It helps to see what these portfolios would hold today. Here are the top 10 holdings for each of the 50-stock versions of our strategies, along with each portfolio’s weighted average market cap.6 You can see, as you move left to right, that the top ten look more and more like the overall market because the market caps get bigger and bigger. 

Size vs. Edge

If you are a value investor, or a quality investor, or a yield investor, a key question is: how big is your edge versus the overall market? If you believe in price-to-book, your goal should be to achieve significant portfolio discounts versus the market on that measure. 

But the most notable difference across the portfolios in Table 2 is their size. When market cap is used as a variable for building a portfolio, it obscures any other edge that exists. Exxon Mobil has a price-to-book of 1.95⨉ but is a huge company so it has a weight of 3.6 percent in the Russell 1000® Value Index. Seadrill—a maligned energy stock—has a price-to-book of 0.18⨉. So it is much “cheaper” than Exxon, but it’s only a $1.6 billion company, so its weight in the index is 0.01 percent, which may as well be zero. 
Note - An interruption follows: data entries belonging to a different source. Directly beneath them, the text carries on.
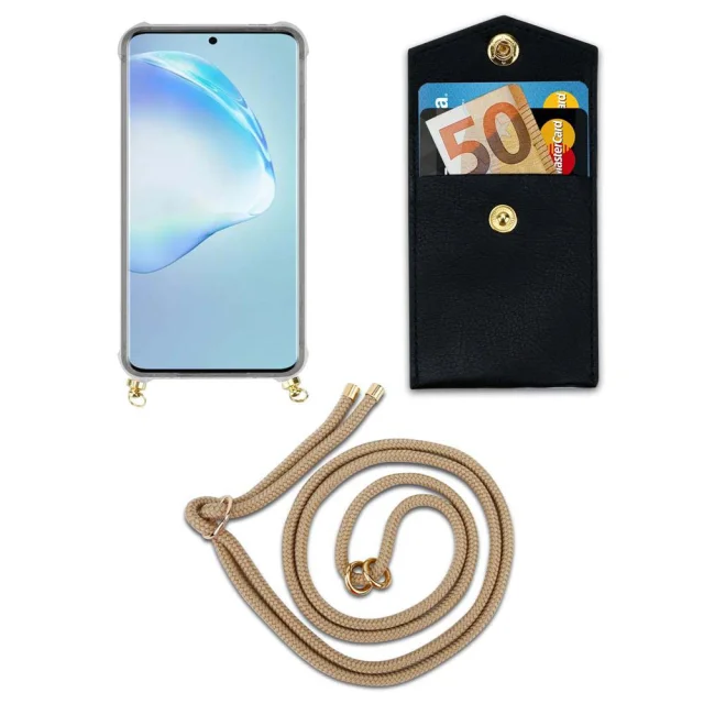 CADORABO Združljivo s Samsungom v sijoči rjavi barvi - silikonski zaščitni pokrov z zlatimi obroči, pasom za vrvi in ​​snemljivim ohišjem
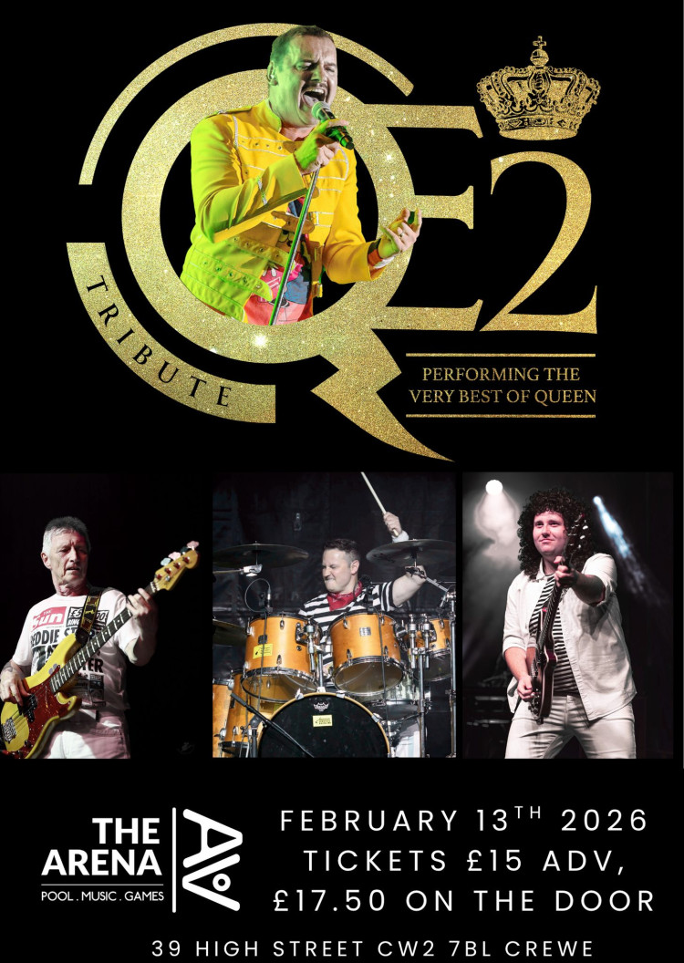 The Arena proudly presents QE2, one of the UK's leading Queen tribute acts on Friday 13 February.
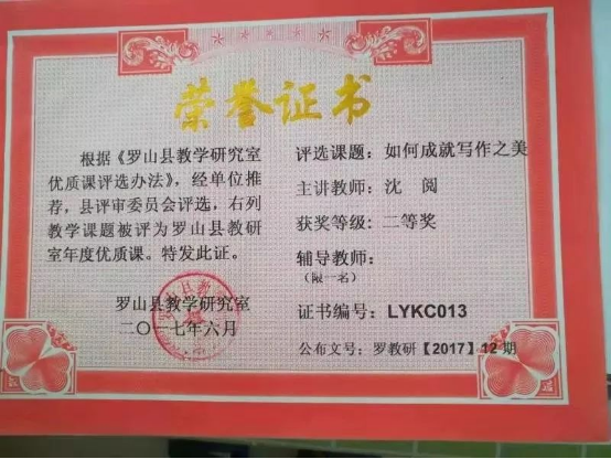 学历上的达标保证了实力上的自信,实力上的自信带来了魅力上的升华,让学生佩服才能赢得他们发自内心的尊敬。他清楚的记得有一次早读,有个淘气学生在一本课外资料上查得一道他自认为很难的选择题写在黑板上,他明知答案是A,却在班里高声说道:“沈老师,请告诉大家为什么这道题答案是B?”在全班同学的注视下,我立刻十分肯定地回答:“答案是B的原因是答案错了,该题的正确答案应该是A”,与此同时,他详细地跟学生解释原因。很神奇,从此之后,班内学生似乎都成了他的粉丝,连看他的眼神都变了。亲其师信其道,从此该班英语课堂纪律和英语成绩超常的好。事后他常反思,如果他的基本功不扎实,被淘气学生牵着鼻子按错误答案B忽悠一通,他即使不被哄下讲台也必然在学生面前威信全无,难以立足。正是在这种危机感和压力下,他始终不忘学习,同时注重探索新的课堂教学模式并加强师生课堂互动,改变了高中课堂“沉闷化”这一共性,连续两年教学成绩在全县同类高中夺魁,期间一批罗高老师曾经来到莽张高中走进他的课堂听课教研。
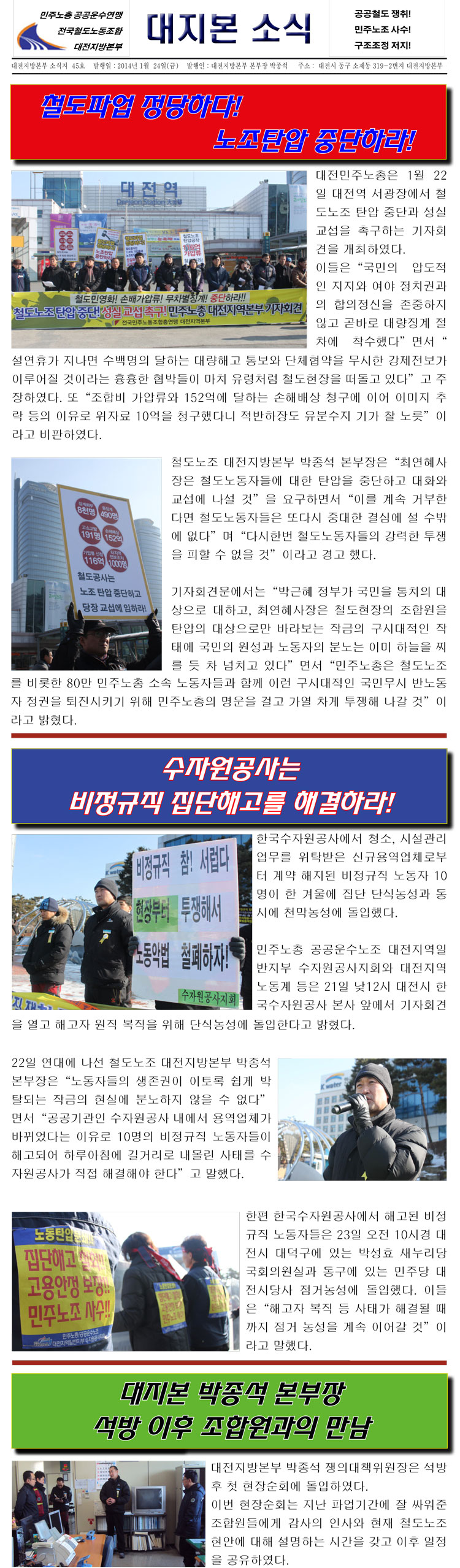 548 [¾Ë¸²] 1¿ù 18ÀÏ Ã¶µµ³ëµ¿ÀÚ 4Â÷ »ó°æ Ãѷ°áÀÇ´ëȸ ´ëÁöº» 01-13 1237
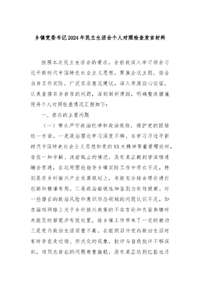 乡镇党委书记2024年民主生活会个人对照检查发言材料.docx
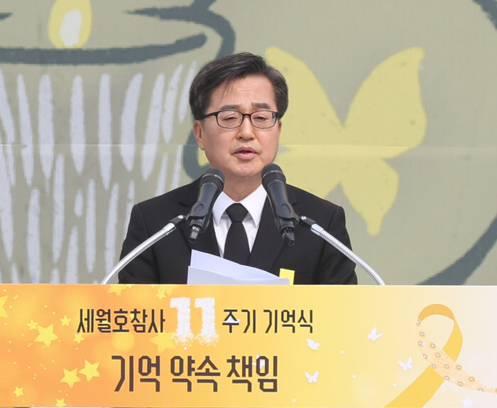 Gyeonggi Gov. Kim Dong-yeon delivers a eulogy during a memorial service in Ansan, south of Seoul, on April 16, 2025, to pay tribute to the victims of the sinking of the ferry Sewol off Jin Island on South Korea's southwest coast, as the country marked the 11th anniversary of the 2014 deadly sinking of the ferry that claimed more than 300 lives, mostly teenagers on a school excursion. (Pool photo) (Yonhap)
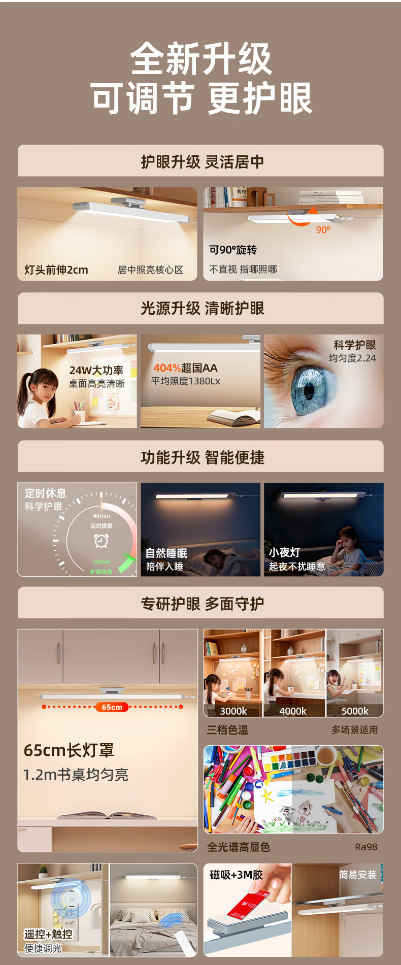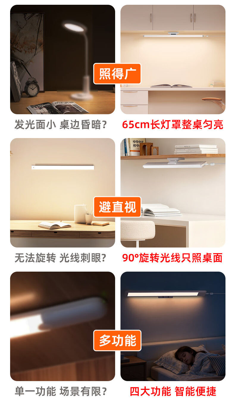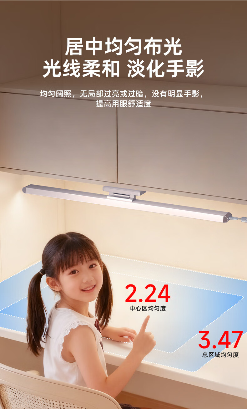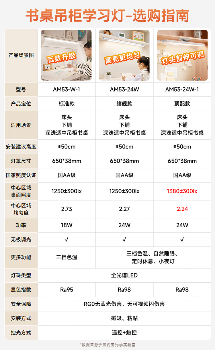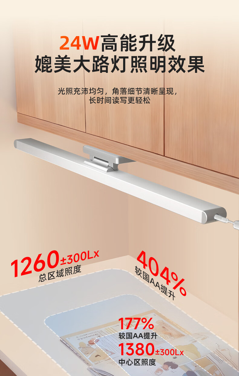 孩视宝护眼台灯全光谱悬挂壁挂书架吊柜磁吸学生儿童学习读写灯大路灯 【升级灯头前伸可旋转】精准居中照明 AM53-24W-1

If Exxon went up 40 percent, it would push the overall index up 1.44 percent. If Seadrill went up 40 percent, it would push the index up 0.004 percent. Seadrill would have to go up 14,400 percent to have the same impact as Exxon’s 40 percent rise.  

For the Russell 1000 Value, Exxon is by far the more important stock. But if you cared more about value than size, then the weights would be very different. Exxon is the biggest stock, but it’s only in the fiftieth percentile when sorted by price-to-book instead of by market cap. Seadrill is in the cheapest percentile. From the perspective of an active investor, this is very odd because cheapness should matter much more than market cap when deciding a stock’s weight in a portfolio. 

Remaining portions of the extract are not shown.